Databricks  

Databricks Runtime 18.1 (Beta) — A Big Leap Forward for Data & AI Teams

Introduction

Databricks has rolled out Runtime 18.1 (Beta), and it is packed with meaningful enhancements across streaming, Delta Lake, SQL, geospatial, performance, and Apache Spark 4.1.0 improvements. This release builds on 18.0 and introduces new capabilities that make pipelines faster, smarter, and more reliable. Below is a breakdown of what is new and why it matters.

Key New Features & Improvements

Auto Loader Enhancements

Auto Loader now uses file events by default when available, reducing directory listing costs and improving latency. You can still override behavior using:

  • useIncrementalListing

  • useNotifications

Or disable file events with:

  • useManagedFileEvents = false

Delta Lake & Unity Catalog Improvements

Optimized Writes for CRTAS

Partitioned Unity Catalog tables created via CREATE OR REPLACE TABLE AS SELECT now automatically use optimized writes for fewer, larger files.

Schema Evolution with INSERT

The new WITH SCHEMA EVOLUTION clause allows automatic schema evolution during:

  • INSERT INTO

  • INSERT OVERWRITE

  • INSERT INTO … REPLACE

It handles:

  • New columns

  • Widened types

  • Preserving NULL struct values even when field order differs

Delta Sharing

Delta Sharing now supports multi‑statement transactions for shared tables using pre‑signed URLs or cloud tokens.

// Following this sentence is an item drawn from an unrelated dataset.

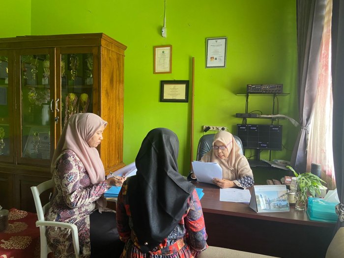 Batang Hari — Kepala MTsN 5 Batang Hari, Dra. Nurhayana, meninjau kesiapan bahan Penilaian Kinerja Kepala Madrasah (PKKM) tahun 2025 pada bidang supervisi guru dan tenaga kependidikan, Kamis (13/11/2025). Dalam kegiatan ini, beliau diwakili oleh Ketua Bidang Supervisi Guru dan Tenaga Kependidikan, Ibu Meria Elina, bersama satu anggota, Ibu Anita Zulhayani.

SQL & Scripting Enhancements

New SQL Functions

  • parse_timestamp — photonized for fast multi‑pattern timestamp parsing

  • Approximate top‑k sketch functions:

    • approx_top_k_accumulate

    • approx_top_k_combine

    • approx_top_k_estimate

  • Tuple sketch functions for distinct counting and key‑summary aggregation

SQL Cursor Support

Compound SQL statements now support:

  • DECLARE CURSOR

  • OPEN

  • FETCH

  • CLOSE

This enables row‑by‑row processing.

Behavioural Changes

  • FILTER clause now works with MEASURE aggregate functions

  • Timestamp partitions now use Spark session timezone instead of JVM timezone

  • DESCRIBE FLOW is now a reserved keyword

Streaming Improvements

  • Automatic streaming type widening for Delta tables

  • New configurations allow stricter control if required

Geospatial Performance Boost

Geospatial Boolean set operations now use a new, faster implementation, with minor precision differences beyond 15 decimal places.

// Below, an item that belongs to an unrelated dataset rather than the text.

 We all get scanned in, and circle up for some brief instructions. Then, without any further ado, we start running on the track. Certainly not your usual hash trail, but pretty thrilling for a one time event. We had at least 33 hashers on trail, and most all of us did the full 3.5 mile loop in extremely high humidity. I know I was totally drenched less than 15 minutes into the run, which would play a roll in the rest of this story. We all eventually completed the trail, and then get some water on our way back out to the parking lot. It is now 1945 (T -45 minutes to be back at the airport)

DataFrame & Compute Enhancements

  • DataFrame checkpoints now support Unity Catalog volume paths

  • .cache() no longer re‑runs SQL commands like SHOW TABLES

Cloud & External System Improvements

  • DATETIMEOFFSET type support for Azure Synapse

  • Google BigQuery table descriptions now appear as table comments

Apache Spark 4.1.0 Included

Databricks Runtime 18.1 ships with Apache Spark 4.1.0, bringing:

  • Major performance fixes

  • Improved pandas interoperability

  • New geospatial type support

  • Arrow and Pandas UDF improvements

  • Streaming enhancements

  • Stability and error‑handling improvements

Summary

Databricks Runtime 18.1 (Beta) builds on 18.0 with improvements across Auto Loader, Delta Lake, Unity Catalog, SQL, streaming, geospatial processing, and compute behavior, while upgrading to Apache Spark 4.1.0. The release focuses on performance optimization, schema flexibility, transaction reliability, and improved interoperability across cloud systems and analytics workloads.